YOUR OBJECTIVE:
Exactly as written, print every line of the listing below and omit its pictures.

MATERIAL PROVIDED:
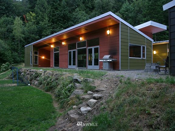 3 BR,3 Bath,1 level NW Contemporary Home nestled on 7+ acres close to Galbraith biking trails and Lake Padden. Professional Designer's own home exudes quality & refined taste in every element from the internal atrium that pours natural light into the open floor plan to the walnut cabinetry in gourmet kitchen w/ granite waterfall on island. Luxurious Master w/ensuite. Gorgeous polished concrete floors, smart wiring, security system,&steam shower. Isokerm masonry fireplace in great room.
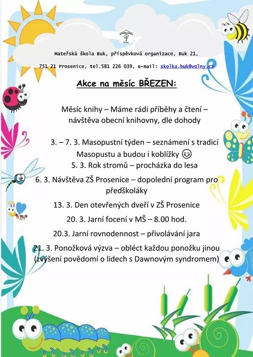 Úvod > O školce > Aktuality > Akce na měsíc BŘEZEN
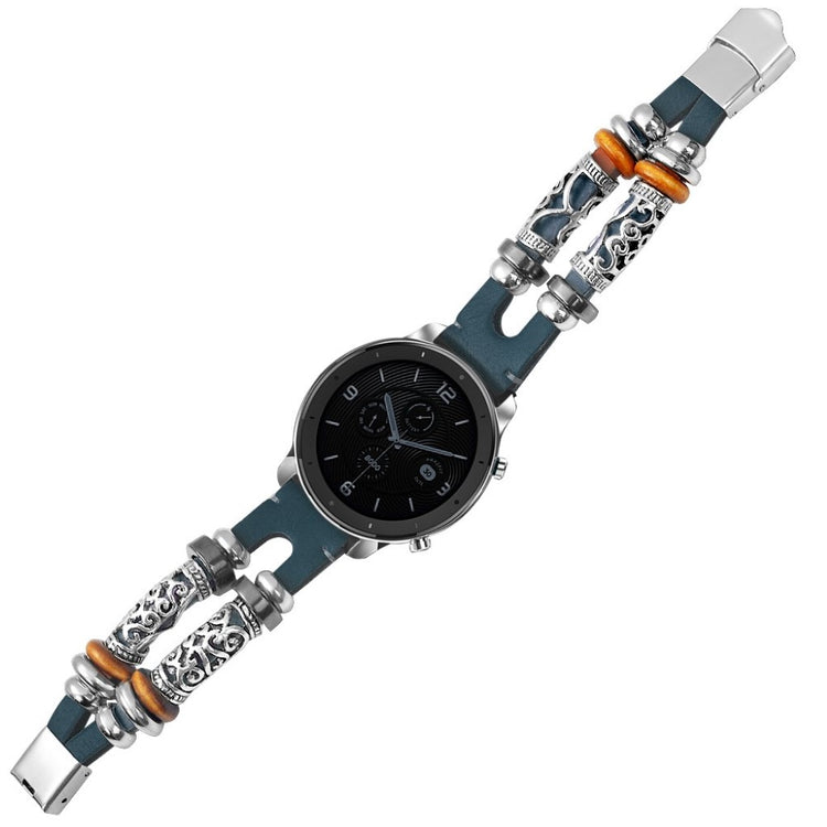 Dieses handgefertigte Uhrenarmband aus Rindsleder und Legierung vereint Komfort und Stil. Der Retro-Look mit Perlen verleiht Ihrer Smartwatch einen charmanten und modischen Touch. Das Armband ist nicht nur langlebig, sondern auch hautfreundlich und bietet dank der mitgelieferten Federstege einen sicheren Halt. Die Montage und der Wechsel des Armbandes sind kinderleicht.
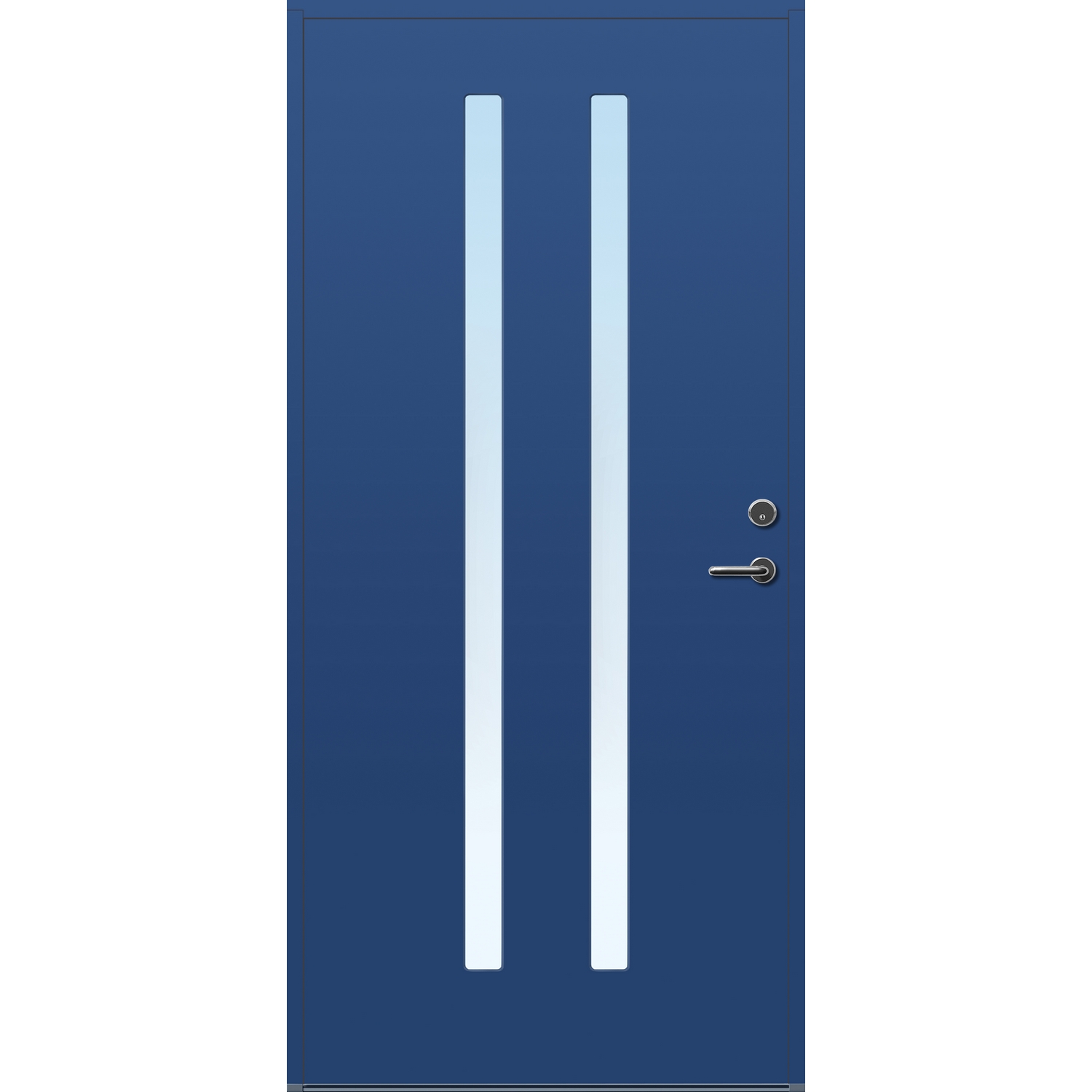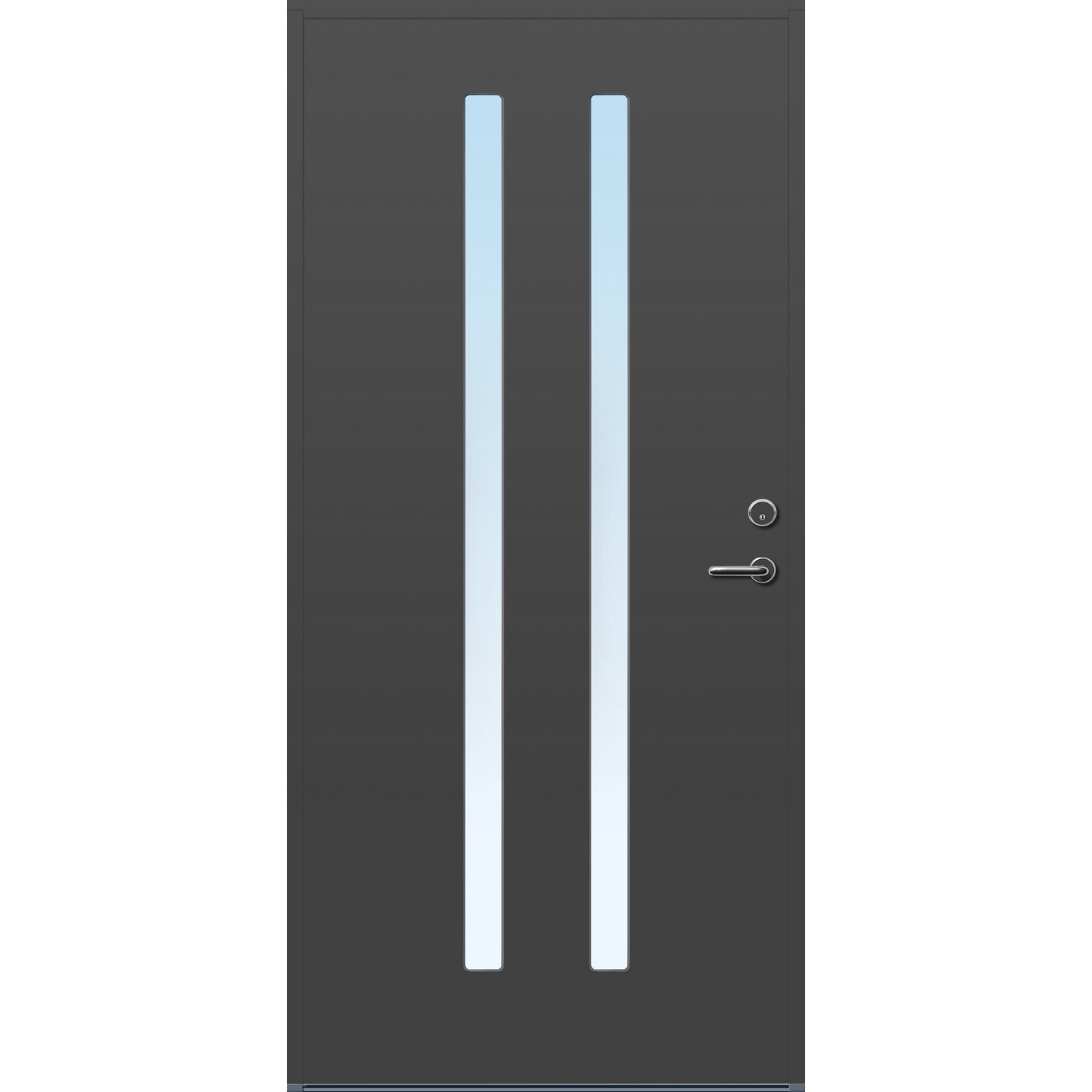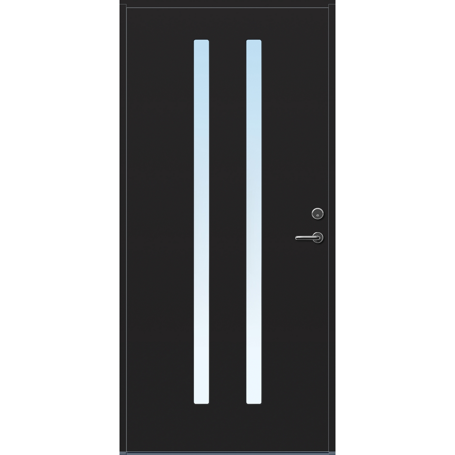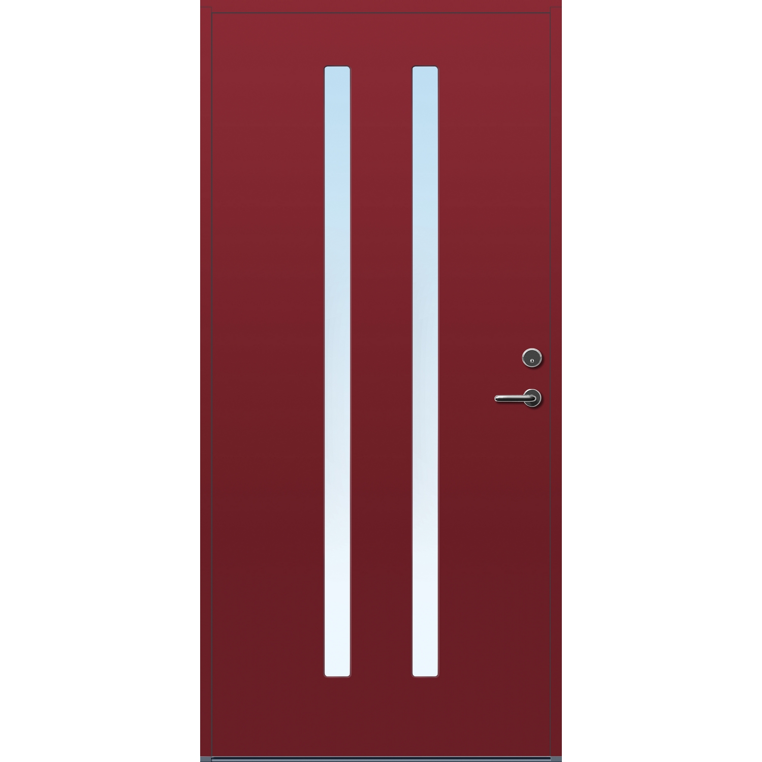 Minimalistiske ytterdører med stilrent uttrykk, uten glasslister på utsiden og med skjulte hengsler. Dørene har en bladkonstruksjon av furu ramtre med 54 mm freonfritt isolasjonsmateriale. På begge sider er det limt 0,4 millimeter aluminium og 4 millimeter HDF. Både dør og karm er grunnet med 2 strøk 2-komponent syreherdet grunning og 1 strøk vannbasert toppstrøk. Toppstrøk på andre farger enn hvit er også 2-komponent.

ANSWER TO THIS TASK:
 3 BR,3 Bath,1 level NW Contemporary Home nestled on 7+ acres close to Galbraith biking trails and Lake Padden. Professional Designer's own home exudes quality & refined taste in every element from the internal atrium that pours natural light into the open floor plan to the walnut cabinetry in gourmet kitchen w/ granite waterfall on island. Luxurious Master w/ensuite. Gorgeous polished concrete floors, smart wiring, security system,&steam shower. Isokerm masonry fireplace in great room.
 Úvod > O školce > Aktuality > Akce na měsíc BŘEZEN
 Dieses handgefertigte Uhrenarmband aus Rindsleder und Legierung vereint Komfort und Stil. Der Retro-Look mit Perlen verleiht Ihrer Smartwatch einen charmanten und modischen Touch. Das Armband ist nicht nur langlebig, sondern auch hautfreundlich und bietet dank der mitgelieferten Federstege einen sicheren Halt. Die Montage und der Wechsel des Armbandes sind kinderleicht.
 Minimalistiske ytterdører med stilrent uttrykk, uten glasslister på utsiden og med skjulte hengsler. Dørene har en bladkonstruksjon av furu ramtre med 54 mm freonfritt isolasjonsmateriale. På begge sider er det limt 0,4 millimeter aluminium og 4 millimeter HDF. Både dør og karm er grunnet med 2 strøk 2-komponent syreherdet grunning og 1 strøk vannbasert toppstrøk. Toppstrøk på andre farger enn hvit er også 2-komponent.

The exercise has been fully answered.